Revelan hallazgos preliminares del proyecto arqueológico en Catamayo

Los descubrimientos sugieren que las primeras sociedades se desarrollaron en el valle de Catamayo alrededor de 2000 a.C., mostrando un notable avance en la agricultura, la alfarería y el comercio.

El área de estudio incluye el valle de Catamayo y su área de influencia. (INPC)
El área de estudio incluye el valle de Catamayo y su área de influencia. (INPC)

Los expertos que lideran el proyecto de investigación arqueológica «Interacción interregional temprana en los Andes meridionales del Ecuador», cuyo ámbito de estudio abarca el sector Trapichillo, en el cantón Catamayo, de la provincia de Loja, presentaron los resultados preliminares de su indagación.

Este proyecto, que explora el surgimiento de las primeras sociedades agro-alfareras de Loja y su desarrollo social, económico y religioso, surge de la necesidad de aportar nueva información sobre esta región, aun escasamente conocida desde el punto de vista arqueológico.

«Cuando llegamos a Loja, la mayoría de las personas nos habla del pasado Palta, pero queremos ir más atrás en el tiempo. Tenemos un legado rico de más de 4000 años de historia, con múltiples culturas que se asentaron en toda la zona de Loja», expresó el arqueólogo Estanislao Pazmiño, director del proyecto.

Resultados preliminares

El área de estudio incluye el valle de Catamayo y su área de influencia. El experto expuso que los iniciales hallazgos indican que las primeras sociedades en el valle se desarrollaron alrededor del 2000 a.C.

Estas comunidades practicaban actividades agrícolas y alfareras, además de un significativo desarrollo en el comercio con otras regiones como la Costa, la Amazonía, las zonas norte del Perú y las sociedades del norte de Ecuador.
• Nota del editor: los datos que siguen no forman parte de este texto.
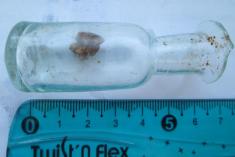 Ранкові знахідки зі скверу Хмельницького після всеочищаючої нічної зливи показав на фото чернігівець Олександр Антипець: пляшки якоїсь давньої форми та мізерного розміру, маркована гербом цегла та інше.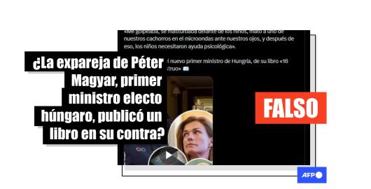 Imagen Elecciones Hungría 2026 Publicado el 17/04/2026 Es falso que la exesposa del húngaro Péter Magyar publicó un libro acusándolo de abusos

Pazmiño destacó que toda la zona no solo fue ocupada por un único pueblo, sino que existen evidencias de múltiples ocupaciones por distintas culturas en diferentes épocas prehispánicas. Entre los descubrimientos más importantes se encuentran técnicas de arquitectura combinada, en las que se utilizaban cimientos de piedra con cantos rodados de río y argamasa, y sobre esto, probablemente venia una estructura de bareque.

Ante estos develamientos, el experto sugirió que estas evidencias podrían indicar la existencia de sociedades altamente desarrolladas para esa época, ya que no solo modificaron el terreno para hacerlo habitable y llevar a cabo rituales, sino que también mantenían una gran apertura hacia el comercio.

Este asentamiento correspondería principalmente a las primeras sociedades agro-alfareras, es decir, las primeras sociedades sedentarias que comenzaron a desarrollar la agricultura y la alfarería dentro de sus avances tecnológicos.

El estudio continúa

El estudio está en progreso, ya en su tercer año. Actualmente, el equipo está concluyendo la tercera temporada de campo, y les queda un año de análisis para procesar la información obtenida y realizar estudios especializados en diversos laboratorios, tanto nacionales como internacionales.

El equipo de trabajo está conformado por varios investigadores, arqueólogos y profesionales, tanto ecuatorianos como extranjeros, con el apoyo de voluntarios y estudiantes de la Universidad de Yale (Estados Unidos), la Universidad de San Marcos (Perú) y la Universidad San Francisco de Quito (Ecuador).

PARA SABER

El proyecto está financiando por fondos de la Universidad de Yale y cuenta con las autorizaciones del Instituto Nacional de Patrimonio Cultural (INPC).